Bill Gates prepara il divorzio più caro del mondo. In Italia il record è di Silvio con Veronica

bill gates, berlusconi

Il divorzio tra Bill e Melinda Gates si prospetta come il più costoso dopo quello tra Jeff Bezos e la moglie MacKenzie nel 2019. Con un patrimonio di 130 miliardi di dollari, i Gates sono al quarto posto nella lista dei più ricchi del mondo, dopo Bezos, Elon Musk e Bernard Arnault.

L’accordo di divorzio tra il fondatore di Amazon e la moglie ha lasciato a Bezos il 75% delle azioni comuni della società, che allora avevano un valore di 144 miliardi di dollari, e lasciato alla moglie il restante 25%, per un valore di 35,8 miliardi. A quanto riportano i media americani, Bill e Melinda avrebbero già fatto una divisione dei beni, dal momento che la richiesta di divorzio cita un “contratto di separazione” consensuale che i due hanno già firmato.

Dal codice Hammer a Windows: scene da un patrimonio

L’enorme patrimonio della coppia comprende residenze in cinque stati americani; un parco macchine tra le quali spicca una Porsche da collezione, valore 2 milioni di dollari; una collezione d’arte, che comprende il Codice Hammer, il manoscritto di Leonardo da Vinci, valore 30 milioni di dollari; una serie di aerei privati.

Inoltre, Gates è anche il più grande proprietario privato di terreni agricoli, 242mila acri disseminati in 18 differenti stati.
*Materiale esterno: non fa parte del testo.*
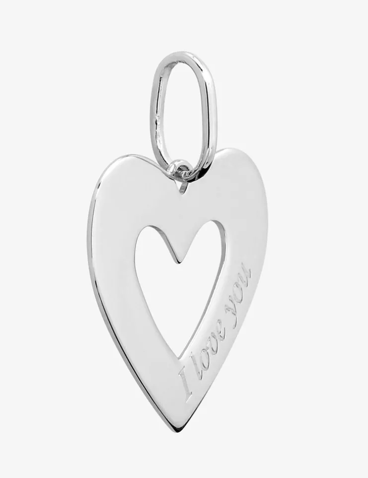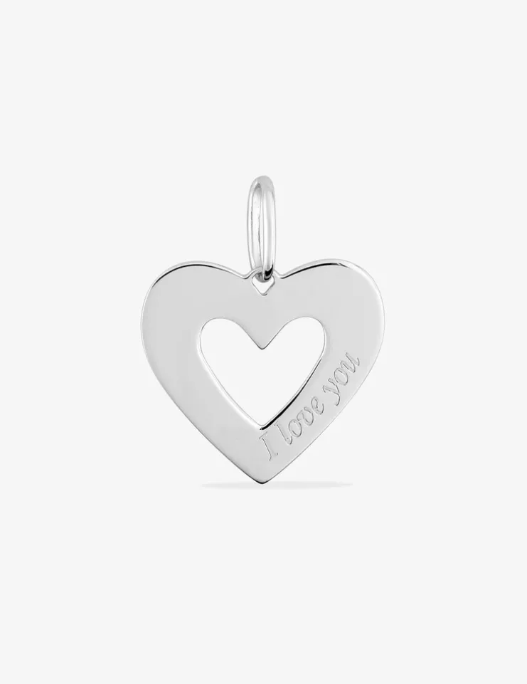 Pendentif cœur ajouré argent rhodié 925 ‰ gravé "I love you" SO OR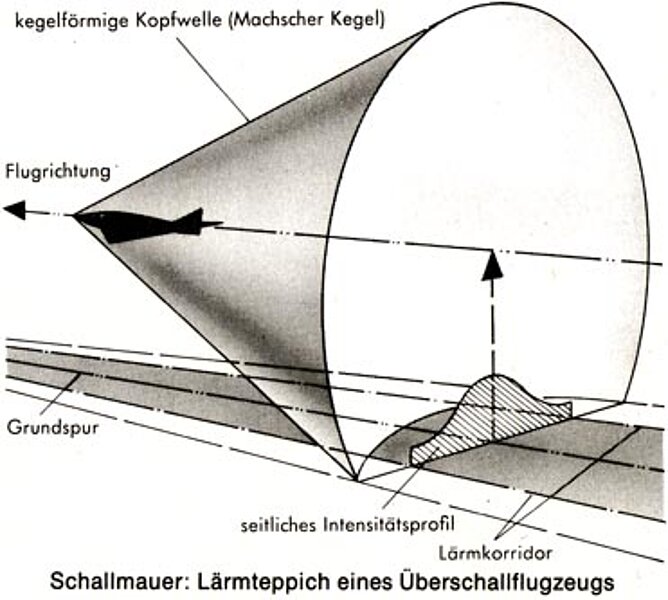 Das "Durchbrechen der Schallmauer" ist eine Metapher für eine starke Zunahme des Luftwiderstands von Flugkörpern, die bei Annäherung an die Schallgeschwindigkeit auftritt. Durch die Verdrängungswirkung des mit Schall- oder Überschallgeschwindigkeit bewegten Körpers werden auf einem mit dem Körper mitbewegten Kegelmantel (Machscher Kegel) Verdichtungsstöße verursacht, die am Boden als Knall wahrgenommen werden, in einem Gebiet (dem sog. Lärmteppich), das durch die Schnittlinie des Machschen Kegels mit der Erdoberfläche begrenzt wird. Diese Druckwelle kann Fensterscheiben zum Bersten bringen. (Vgl. dtv-Brockhaus-Lexikon, Wiesbaden und München 1982, Bd. 16, S. 86, von dort die Abbildung unten.)

Come è noto, i Gates hanno annunciato che alla loro morte daranno in beneficenza gran parte dei loro beni: i tre figli – Jennifer, 25 anni, Phoebe, 18 anni e Roru 21 anni – dovrebbero ereditare ‘solo’ 10 milioni di dollari ciascuno, una frazione dell’immensa fortuna dei genitori.

A chi andrà la residenza Gates?

La residenza principale della famiglia è una magione, nota come Xanadu 2.0, davanti al lago Washington, a pochi chilometri dal centro di Seattle, dove si trova anche la sede della Gates Foundation. Gates ha acquistato il terreno nel 1988 per due milioni, ed ha impiegato sette anni a costruire la casa dei suoi sogni, per un costo di 63 milioni di dollari. Ora ne vale 125.
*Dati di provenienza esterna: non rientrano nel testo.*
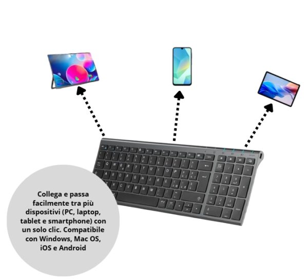 Tastiera Bluetooth 5.1 Multi-Dispositivo Ricaricabile USB-C con Tastierino Numerico – Design Ultrasottile Ergonomico – Compatibile Windows, Mac, iOS, Android – Grigio Space
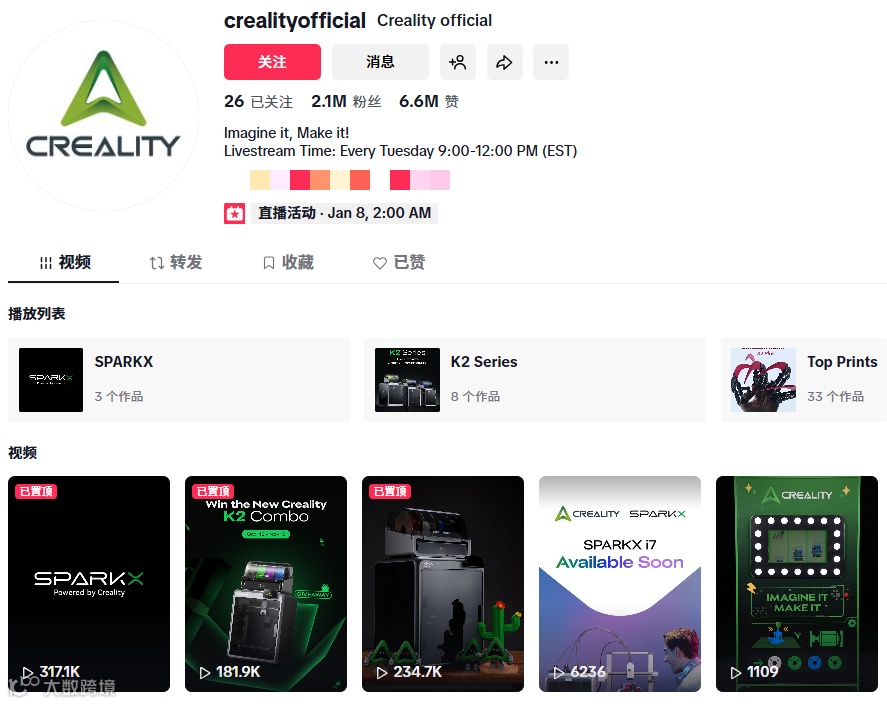 3D打印机单价高达数百美元,传统短视频难以解决操作复杂、耗材选择等专业疑问。创想三维通过垂直达人合作+深度直播答疑的方式破局。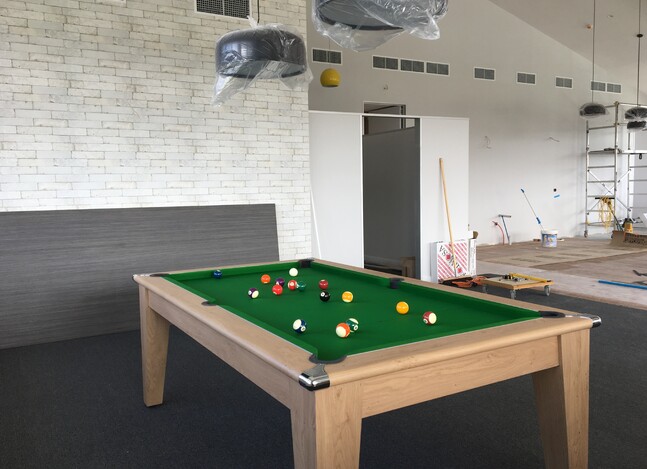This is the Chelsea Pool Table Diner in Light Oak and Green. It has a slate bed, is supplied with a two piece table top and allows for leg clearance underneath meaning that it doubles up as a meeting table or dining table. The Chelsea Pool Table Diner is also available in black, white, oak, dark walnut and driftwood with a wide choice of cloth colours too. Want to know more? Call 09 444 6838 to view.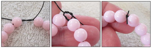 Vraag hulp aan een volwassene als het toch niet lukt. Een trucje is nog om de knoop in te smeren met een beetje blanke nagellak. Wel even goed laten drogen. Dan knip je, zoals je op het laatste plaatje ziet, het elastiek af, zover van de knoop af als de helft van je vinger dik is ongeveer. En als je dan de kralen een beetje over de knoop heen schuift, zie je het knoopje helemaal niet meer.

“Volevo una cosa bella ma niente di ostentato – ha scritto Gates nel suo libro The Road Ahead – volevo una casa che potesse accogliere una tecnologia sofisticata, avanzata ma non in modo intrusivo per mettere in chiaro che la tecnologia deve essere un servitore, non il padrone”.

In Italia, il divorzio tra Silvio Berlusconi e Veronica Lario vanta il primato del più caro.

Nel 2015 la penultima sentenza aveva stabilito un assegno mensile all’ex moglie di un milione e 400mila euro al mese lordi (circa 800mila netti). Successivamente, la Cassazione aveva revocato l’assegno divorzile chiedendo indietro alla signora Lario 46 milioni. Nel 2020 l’accordo: l’ex premier ha rinunciato ai 46 milioni di credito nei confronti della ex moglie e Veronica al suo credito da 18 milioni.